*** Opening of Data section ***

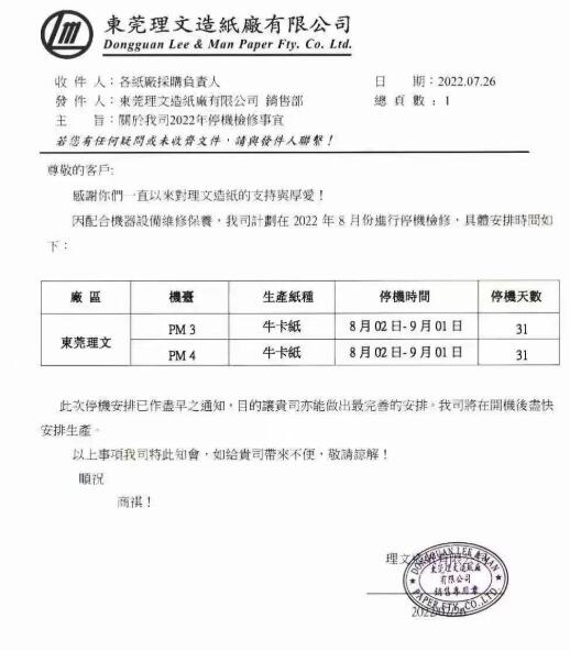 其中,廣東基地的箱板紙機(jī)PM52將從7月27日起停機(jī)7天,該臺(tái)紙機(jī)于今年5月份投產(chǎn),設(shè)計(jì)年產(chǎn)能超60萬噸;位于福建的華南基地共有4臺(tái)紙機(jī)將在8月份停機(jī),時(shí)長(zhǎng)為15-31天;華中、浙江、安徽基地各有1臺(tái)紙機(jī)計(jì)劃停機(jī),時(shí)長(zhǎng)為7-10天。 玖龍、山鷹均有停機(jī)計(jì)劃,同樣被稱為包裝紙行業(yè)龍頭的理文造紙自然亦是如此。同日,理文造紙旗下東莞理文宣布,因配合機(jī)器設(shè)備維修保養(yǎng),計(jì)劃在8月份對(duì)兩臺(tái)紙機(jī)停機(jī)檢修。 具體而言,東莞理文的PM3、PM4均將在8月2日-9月1日期間停機(jī)檢修,停機(jī)天數(shù)長(zhǎng)達(dá)31天。這兩臺(tái)紙機(jī)專門生產(chǎn)牛卡紙,若停機(jī)一個(gè)月,預(yù)計(jì)將影響產(chǎn)能超5萬噸。
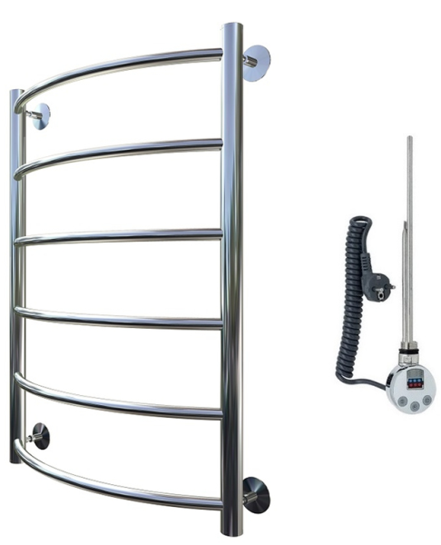 Внимание! Для скрытого монтажа электропроводки необходимо приобрести комплект скрытого подключения.Полотенцесушитель электрический комплектуется ТЭНом с терморегулятором и таймером.Изделие производится из нержавеющей стали AISI 201. Вертикальные трубы d -32 мм., для горизонтальных вставок используется труба d — 18 мм.Нагревательным элементом в полотенцесушителе является ТЭН. Полотенцесушитель заполнен бытовым антифризомЭкономичность: ТЭН нагревает антифриз до нужной температуры и выключается, далее при остывании полотенцесушителя он включается опять. Таким образом он работает не постоянно и получается, что ТЭН потребляет электричество не 300 Вт, а порядка 100 — 150 ВтМощность электрического прибора порядка 100 Вт при стоимости 1 Вт — 5 руб несложно посчитать: 100Вт х 24 = 2,4 кВт в сутки. Стоимость эксплуатации изделия за сутки 2,4 кВт х 5 руб. = 12 руб. При максимальной температуре расход электричества за 30 дней составит порядка 360 руб. При условии если сушка работает круглосуточно на максимальной температуре.Удобство монтажа: Полотенцесушитель крепится к стене на четыре держателя. Изначально ТЭН не установлен в полотенцесушитель для безопасной транспортировки, его можно установить, как справа, так и слева предварительно перевернув полотенцесушитель вверх ногами и выкрутив заглушку с нужной стороны на место в которое установится ТЭН.Примечание. Внимательно изучите инструкцию по установке ТЭНа!Скрытое подключение: Для скрытого монтажа электропроводки необходимо приобрести комплект скрытого подключения.Подключение в розетку: В комплекте с ТЭНом имеется шнур с вилкой, который будет необходим при подключении к розетке.
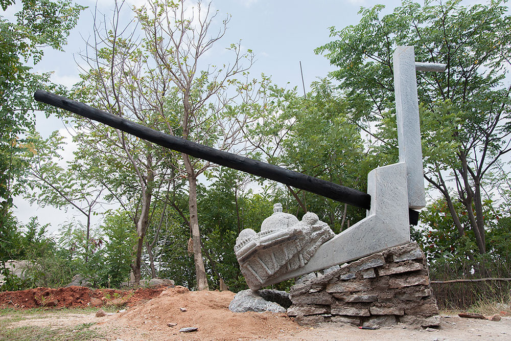 Mr. Ullas heals from Mysore, who has pursued Bachelor Degree in Visual Arts at Chamarajendra Academy of Visual Arts in Mysore and Master Degree in Visual Arts in Bangalore University. Mr. Basavaraj Metri is also an artist who has pursued Bachelor and Master Degree in Fine Arts. Two young and energetic artisans collaborates and works on a social cause faced by the people in that place. They highlight a farmers struggles and depicts anger of the farmer vigorously in the sculpture by visualizing the ploughing of a very famous government structure “Vidhana Soudha” were the state legislature takes place. This sculpture is successfully made with the help of the assistance of Mr. Jaghadeesh and Mr. Sandeep Mandya. This sculpture consists multiple mediums along the stone.

*** Close of Data section ***

▶ _What this task involves_:
Reproduce the listing word for word. Do not carry over the pictures.

▶ _Exercise output_:
 其中,廣東基地的箱板紙機(jī)PM52將從7月27日起停機(jī)7天,該臺(tái)紙機(jī)于今年5月份投產(chǎn),設(shè)計(jì)年產(chǎn)能超60萬噸;位于福建的華南基地共有4臺(tái)紙機(jī)將在8月份停機(jī),時(shí)長(zhǎng)為15-31天;華中、浙江、安徽基地各有1臺(tái)紙機(jī)計(jì)劃停機(jī),時(shí)長(zhǎng)為7-10天。 玖龍、山鷹均有停機(jī)計(jì)劃,同樣被稱為包裝紙行業(yè)龍頭的理文造紙自然亦是如此。同日,理文造紙旗下東莞理文宣布,因配合機(jī)器設(shè)備維修保養(yǎng),計(jì)劃在8月份對(duì)兩臺(tái)紙機(jī)停機(jī)檢修。 具體而言,東莞理文的PM3、PM4均將在8月2日-9月1日期間停機(jī)檢修,停機(jī)天數(shù)長(zhǎng)達(dá)31天。這兩臺(tái)紙機(jī)專門生產(chǎn)牛卡紙,若停機(jī)一個(gè)月,預(yù)計(jì)將影響產(chǎn)能超5萬噸。
 Внимание! Для скрытого монтажа электропроводки необходимо приобрести комплект скрытого подключения.Полотенцесушитель электрический комплектуется ТЭНом с терморегулятором и таймером.Изделие производится из нержавеющей стали AISI 201. Вертикальные трубы d -32 мм., для горизонтальных вставок используется труба d — 18 мм.Нагревательным элементом в полотенцесушителе является ТЭН. Полотенцесушитель заполнен бытовым антифризомЭкономичность: ТЭН нагревает антифриз до нужной температуры и выключается, далее при остывании полотенцесушителя он включается опять. Таким образом он работает не постоянно и получается, что ТЭН потребляет электричество не 300 Вт, а порядка 100 — 150 ВтМощность электрического прибора порядка 100 Вт при стоимости 1 Вт — 5 руб несложно посчитать: 100Вт х 24 = 2,4 кВт в сутки. Стоимость эксплуатации изделия за сутки 2,4 кВт х 5 руб. = 12 руб. При максимальной температуре расход электричества за 30 дней составит порядка 360 руб. При условии если сушка работает круглосуточно на максимальной температуре.Удобство монтажа: Полотенцесушитель крепится к стене на четыре держателя. Изначально ТЭН не установлен в полотенцесушитель для безопасной транспортировки, его можно установить, как справа, так и слева предварительно перевернув полотенцесушитель вверх ногами и выкрутив заглушку с нужной стороны на место в которое установится ТЭН.Примечание. Внимательно изучите инструкцию по установке ТЭНа!Скрытое подключение: Для скрытого монтажа электропроводки необходимо приобрести комплект скрытого подключения.Подключение в розетку: В комплекте с ТЭНом имеется шнур с вилкой, который будет необходим при подключении к розетке.
 Mr. Ullas heals from Mysore, who has pursued Bachelor Degree in Visual Arts at Chamarajendra Academy of Visual Arts in Mysore and Master Degree in Visual Arts in Bangalore University. Mr. Basavaraj Metri is also an artist who has pursued Bachelor and Master Degree in Fine Arts. Two young and energetic artisans collaborates and works on a social cause faced by the people in that place. They highlight a farmers struggles and depicts anger of the farmer vigorously in the sculpture by visualizing the ploughing of a very famous government structure “Vidhana Soudha” were the state legislature takes place. This sculpture is successfully made with the help of the assistance of Mr. Jaghadeesh and Mr. Sandeep Mandya. This sculpture consists multiple mediums along the stone.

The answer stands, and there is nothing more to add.